Ms. Doyle continued saying Betsy's father owned the Freeman Shoe Company, and Betsy worked there maybe one summer and did not want to work with him in the business. She took a job with J.C. Penney in the catalogue department where she did layout work with computers, which, at the time, was relatively new. She worked there for several years but her dream had always been to be a nurse, and Pat Doyle said you could not talk to her for half an hour without her mentioning it, but her father was stubborn, set in his ways, and would not give his permission. Her father advised her to go where the money is, to be successful in business. "I have to soften my father's heart," she would say, and finally he relented. Ms. Doyle said father and daughter were similar in their stubbornness, politics and that he respected her. "She was very hard working and if she wanted something would work very hard to get it," Pat said of her friend. Having obtained her father's permission she went to Adelphi University School of Nursing and graduated cum laude. "While she was at Adelphi her father died, and that is one reason I ended up going to her graduation," said Ms. Doyle," I wanted to be supportive." Betsy trained at other hospitals on Long Island then took a job at St. Francis Hospital.

When her mother developed colon cancer and underwent surgery Betsy left her job at St. Francis to care for her. Later, Betsy also succumbed to colon cancer, and she, like her mother before her, opted not to undergo chemotherapy. Ms. Doyle and other neighbors remembered Betsy's mother, Mary, as devoted to her family and her home. They remembered John and Mary Gavin as staying close to home, very dignified and very old-fashioned. When her mother died Betsy soon after went to Texas where she had friends.

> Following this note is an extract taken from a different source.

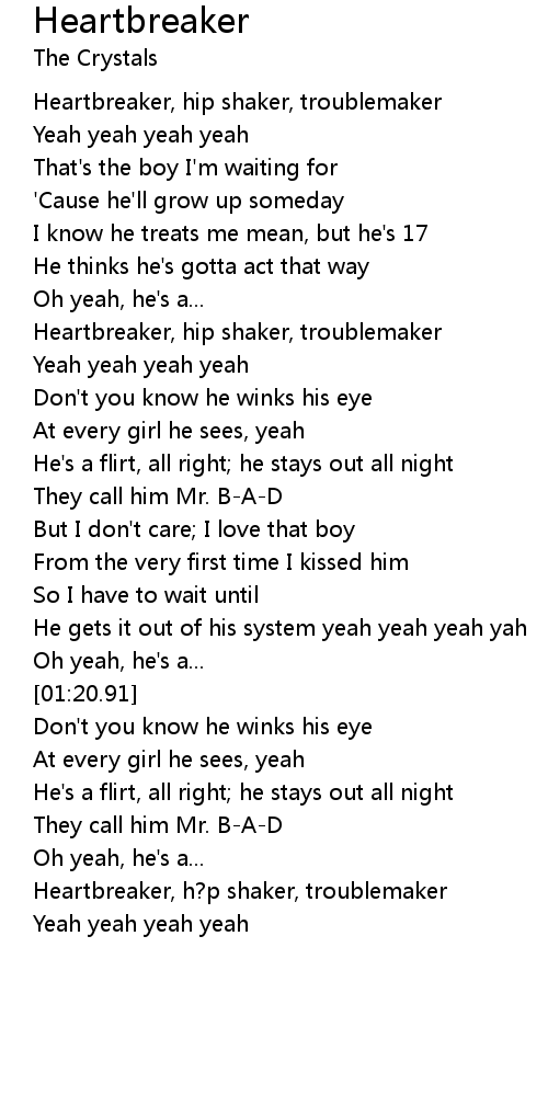 Heartbreaker, h?p shaker, troublemaker |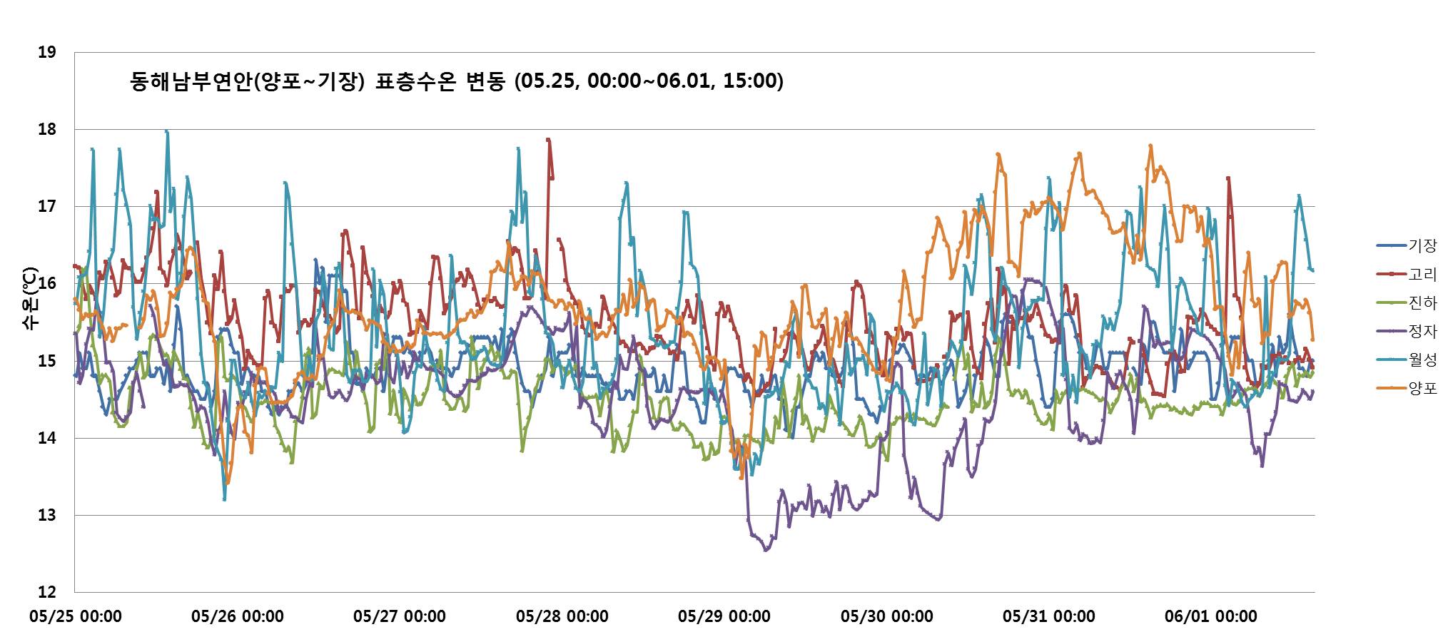 | 동해 남부 연안(양포~기장) 냉수대 주의 수온 정보(해양자료속보, 제5092호) | |||||||

Betsy returned from Texas for a visit to Long Island around 1994, and stayed a few days with Pat Doyle. At that time a Polaroid photo was taken of Pat and Betsy, in front of Pat's house. When Betsy died she requested Pat receive her Hummel, a statue of Mary, because Pat always teased Betsy that she should pay more attention to Mary because Mary was Betsy's middle name. Pat Doyle said that "beneath the statue it was written in Betsy's own handwriting that the statue be delivered to me."

That statue was delivered to her by two people, one being Fr. Peter LeJacq, a Maryknoll priest. In his youth, Peter LeJacq was a gardener and handyman for the Gavins when they were neighbors in North Strathmore, and he maintained the relationship after his parents moved to Munsey Park. He remained a friend of Betsy's over the years and explained how after her mother died the house on Rolling Hill Road was too large for her and she wanted to both downsize and move to a warmer climate.

He was also able to shed some light on her generous gift. "She lived two blocks from the library and enjoyed going there; the library gave her a great deal of joy." He said that while Betsy Gavin lived in Texas she knew the Manhasset Library was expanding and she wanted to give back some of the joy she had received.